[Opening SUPPLIED DATA section]

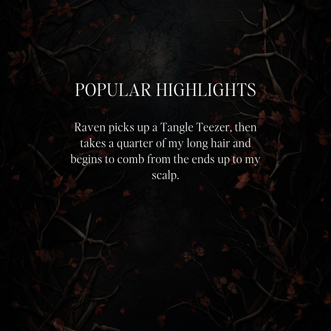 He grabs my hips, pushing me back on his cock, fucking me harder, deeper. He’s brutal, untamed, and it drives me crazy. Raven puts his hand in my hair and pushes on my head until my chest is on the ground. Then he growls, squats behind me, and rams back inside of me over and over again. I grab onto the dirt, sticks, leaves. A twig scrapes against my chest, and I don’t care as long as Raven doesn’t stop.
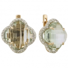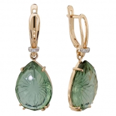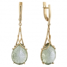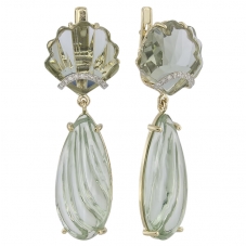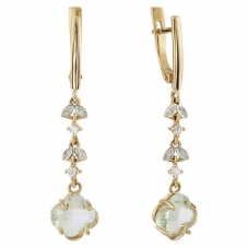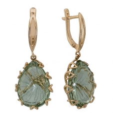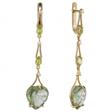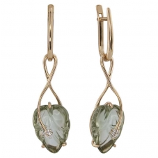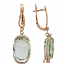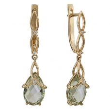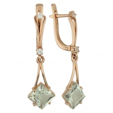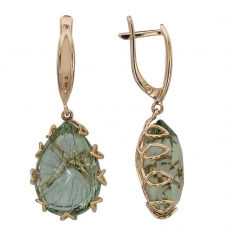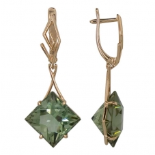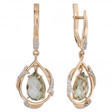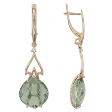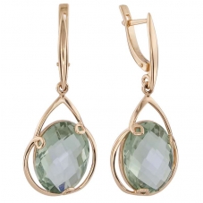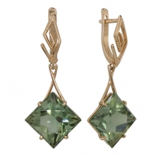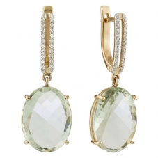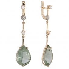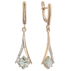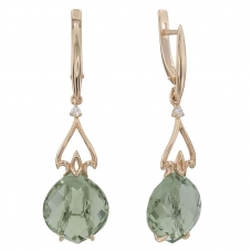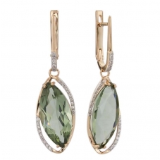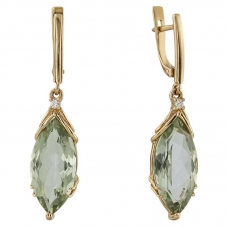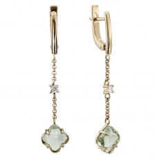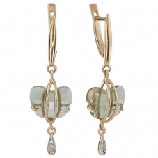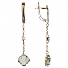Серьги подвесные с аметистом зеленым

[Closing SUPPLIED DATA section]
[Opening SUPPLIED DATA section]

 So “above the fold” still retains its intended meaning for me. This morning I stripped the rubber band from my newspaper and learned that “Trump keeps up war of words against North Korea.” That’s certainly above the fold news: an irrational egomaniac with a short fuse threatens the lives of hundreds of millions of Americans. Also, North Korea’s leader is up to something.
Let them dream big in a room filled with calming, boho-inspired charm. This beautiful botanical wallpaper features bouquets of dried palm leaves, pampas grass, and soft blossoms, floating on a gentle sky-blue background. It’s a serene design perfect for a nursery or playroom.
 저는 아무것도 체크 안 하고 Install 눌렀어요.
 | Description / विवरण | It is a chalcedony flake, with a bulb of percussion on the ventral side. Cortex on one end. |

[Closing SUPPLIED DATA section]

▶ [WORK TO COMPLETE]: Find the line with "저는 아무것도 체크 안 하고 Install 눌렀어요." in the entries above. Retype it and each line after it, exactly, through the line with "on one end. |", and stop there.

▶ [REPLY TO THE TASK]:
 저는 아무것도 체크 안 하고 Install 눌렀어요.
 | Description / विवरण | It is a chalcedony flake, with a bulb of percussion on the ventral side. Cortex on one end. |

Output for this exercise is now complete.